Aim of the exercise =>
In the data below, find the line containing "Horneamos los roscones", then set down that line and every later line up to and including the line containing "Combining a loose", exactly.

Material shown =>
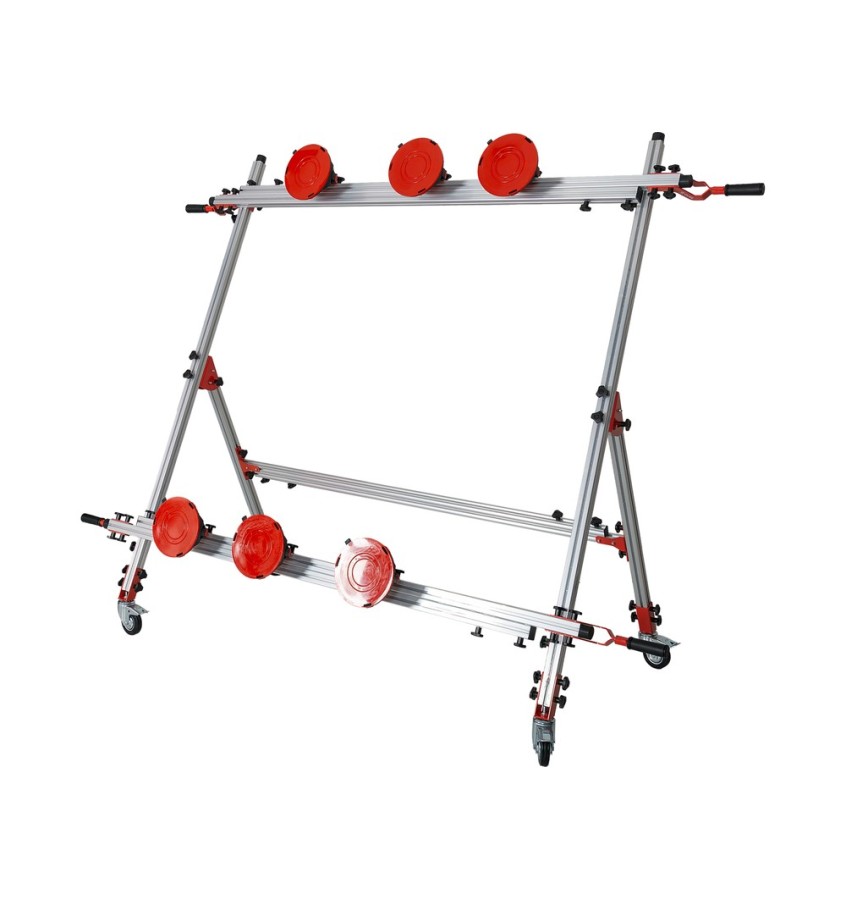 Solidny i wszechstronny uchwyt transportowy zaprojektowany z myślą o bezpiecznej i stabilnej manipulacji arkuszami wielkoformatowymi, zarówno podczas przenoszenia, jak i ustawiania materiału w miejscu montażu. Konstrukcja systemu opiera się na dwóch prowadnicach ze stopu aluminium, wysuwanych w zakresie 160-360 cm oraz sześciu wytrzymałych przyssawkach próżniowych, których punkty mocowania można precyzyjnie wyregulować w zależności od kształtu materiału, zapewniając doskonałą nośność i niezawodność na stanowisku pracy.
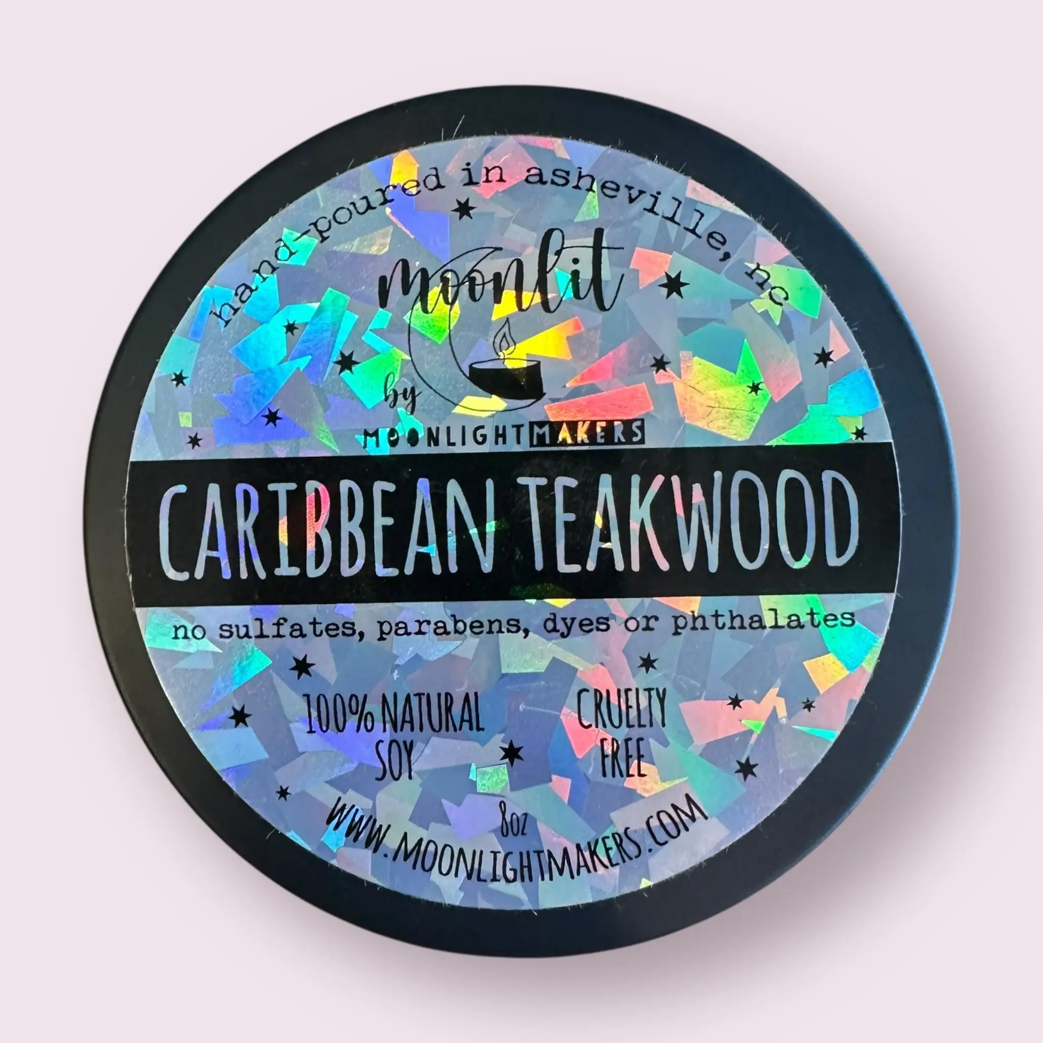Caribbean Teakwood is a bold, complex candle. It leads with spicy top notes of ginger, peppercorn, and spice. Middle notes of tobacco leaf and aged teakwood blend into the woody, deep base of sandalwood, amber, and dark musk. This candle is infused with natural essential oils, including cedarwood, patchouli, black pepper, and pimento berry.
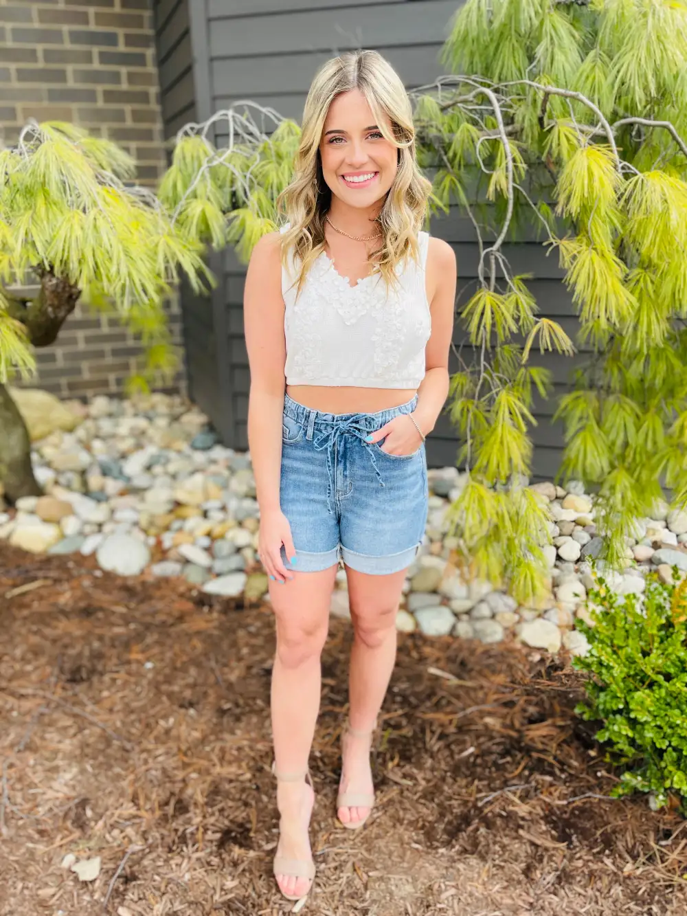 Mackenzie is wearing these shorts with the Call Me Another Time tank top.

--

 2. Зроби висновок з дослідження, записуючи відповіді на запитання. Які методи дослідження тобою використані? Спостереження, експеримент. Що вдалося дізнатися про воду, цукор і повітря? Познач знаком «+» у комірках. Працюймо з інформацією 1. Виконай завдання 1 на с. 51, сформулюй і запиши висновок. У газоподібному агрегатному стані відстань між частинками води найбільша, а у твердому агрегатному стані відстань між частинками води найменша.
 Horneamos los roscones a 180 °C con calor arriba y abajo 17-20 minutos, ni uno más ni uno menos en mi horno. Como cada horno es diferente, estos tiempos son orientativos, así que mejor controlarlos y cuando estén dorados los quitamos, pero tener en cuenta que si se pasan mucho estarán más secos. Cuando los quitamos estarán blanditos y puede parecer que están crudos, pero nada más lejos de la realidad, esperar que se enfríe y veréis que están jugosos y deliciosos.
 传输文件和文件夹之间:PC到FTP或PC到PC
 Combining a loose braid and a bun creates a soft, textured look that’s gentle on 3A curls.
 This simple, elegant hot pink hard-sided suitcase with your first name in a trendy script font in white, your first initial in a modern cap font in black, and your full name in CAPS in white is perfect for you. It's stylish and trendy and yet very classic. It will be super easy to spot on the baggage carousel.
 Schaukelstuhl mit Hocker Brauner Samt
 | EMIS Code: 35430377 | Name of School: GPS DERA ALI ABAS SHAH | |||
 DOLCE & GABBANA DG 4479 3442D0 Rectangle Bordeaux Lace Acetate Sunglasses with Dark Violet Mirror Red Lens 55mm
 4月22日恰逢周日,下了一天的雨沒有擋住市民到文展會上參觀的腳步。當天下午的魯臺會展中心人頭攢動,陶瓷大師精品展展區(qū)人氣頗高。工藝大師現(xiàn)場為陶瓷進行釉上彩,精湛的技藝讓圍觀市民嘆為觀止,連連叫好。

---

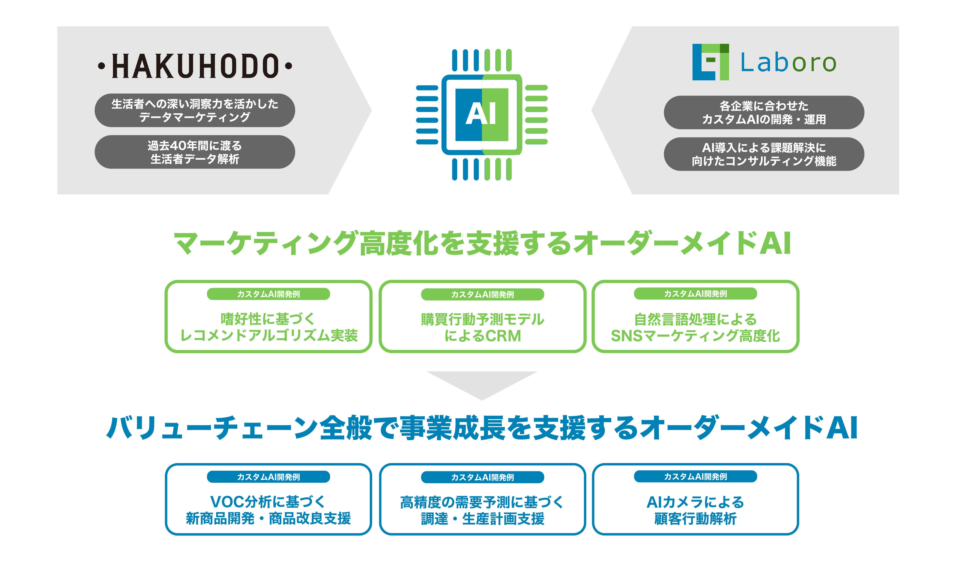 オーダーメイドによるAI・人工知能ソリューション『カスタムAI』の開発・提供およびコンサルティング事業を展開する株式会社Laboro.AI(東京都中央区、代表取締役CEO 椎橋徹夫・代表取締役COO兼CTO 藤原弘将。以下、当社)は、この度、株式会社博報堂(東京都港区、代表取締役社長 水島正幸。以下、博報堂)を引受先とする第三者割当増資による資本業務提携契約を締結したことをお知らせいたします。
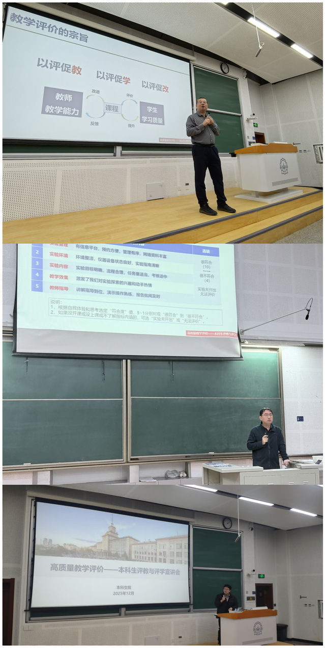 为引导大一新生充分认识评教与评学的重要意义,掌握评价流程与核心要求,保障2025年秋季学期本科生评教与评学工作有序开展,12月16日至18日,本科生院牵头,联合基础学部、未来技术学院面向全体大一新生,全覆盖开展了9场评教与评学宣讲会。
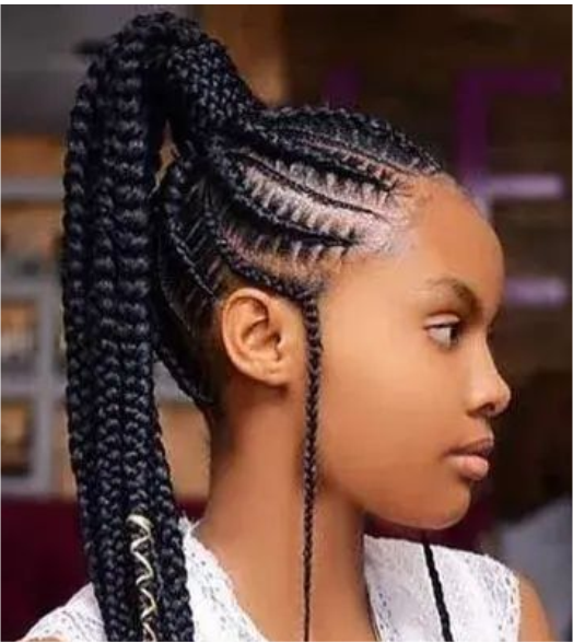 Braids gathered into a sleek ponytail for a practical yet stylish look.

Expected answer =>
 Horneamos los roscones a 180 °C con calor arriba y abajo 17-20 minutos, ni uno más ni uno menos en mi horno. Como cada horno es diferente, estos tiempos son orientativos, así que mejor controlarlos y cuando estén dorados los quitamos, pero tener en cuenta que si se pasan mucho estarán más secos. Cuando los quitamos estarán blanditos y puede parecer que están crudos, pero nada más lejos de la realidad, esperar que se enfríe y veréis que están jugosos y deliciosos.
 传输文件和文件夹之间:PC到FTP或PC到PC
 Combining a loose braid and a bun creates a soft, textured look that’s gentle on 3A curls.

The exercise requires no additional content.